À CNN Portugal, Joel Oliveira confirma ter conduzido sessões de psicologia com o intuito de “perceber como é que a pessoa se sentia e o que é que desejava fazer em relação a isso”, mas nega “qualquer tentativa” de conversão. "Nunca tentei forçar nenhum processo, nem impor as minhas crenças ou convicções pessoais sobre quem quer que fosse, respeitando o código deontológico da Ordem dos Psicólogos e o direito da pessoa humana à sua autodeterminação". Segundo o pastor, “os pais disseram que o Miguel estava com alguns problemas”. Mas não se alonga: “Não me sinto à vontade para falar, porque aquilo que disseram e aquilo que o Miguel disse está num contexto de confidencialidade”.

De acordo com a plataforma oficial da Ordem dos Psicólogos Joel Oliveira possuía efetivamente uma cédula profissional, entretanto suspensa a pedido do próprio, sendo que o regulamento disciplinar obriga-o a respeitar o código deontológico mesmo após a desvinculação (Art. 5.º). Num parecer emitido em maio de 2023, a Ordem diz ainda condenar “qualquer tipo de práticas de conversão, estigma, preconceito ou violência com base na orientação sexual ou identidade de género, reconhecendo os impactos negativos que podem provocar nas pessoas afetadas e na sociedade”.

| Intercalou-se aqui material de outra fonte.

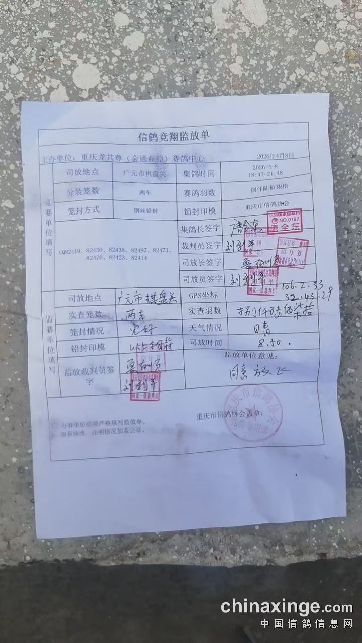 尊敬的鸽友:重庆龙共尊(金通春棚)第三关于8:50在广元市中子镇开笼,司放地经纬度:经度106.2.33 纬度32.43.29。实测空距274空距。预祝各位会员取得优异成绩!短信由第三方平台提供,有约3%的随机漏发概率,请大家以网站上的实时在线扫描数据为准!
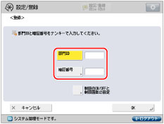 (クリア)を押すと、入力した数字を取り消すことができます。 暗証番号を登録しない場合は、部門IDを入力しただけで、本製品が使えるようになります。 |

“Deus está contra ti”. Miguel lembra-se das palavras zangadas do pai à entrada do consultório, quando anunciou que não ia prosseguir com as sessões, mas um desafio ainda maior aguardava-o em casa: a mãe, Helena, que o recebeu de cara trancada, de Bíblia na mão. Entre “chapadas” e “puxões de cabelo”, Miguel ouvia a seguinte passagem de lágrimas no rosto: “E, semelhante, também os homens, deixando o uso natural da mulher, inflamaram-se em sua sensualidade uns para com os outros, homens com homens, cometendo torpeza e recebendo em si mesmos a recompensa que convinha ao seu erro” (Romanos 1:27). A violência continuava por parte do pai, que o atingiu com um “forte estalo na cabeça” pedindo-lhe que repetisse. “Ele tinha os olhos vermelhos de raiva, acabei por dizer o que eles queriam”, partilha o rapaz. No mesmo instante, Helena fechou a Bíblia e “continuaram a conversar sobre outro assunto, como se nada tivesse acontecido”.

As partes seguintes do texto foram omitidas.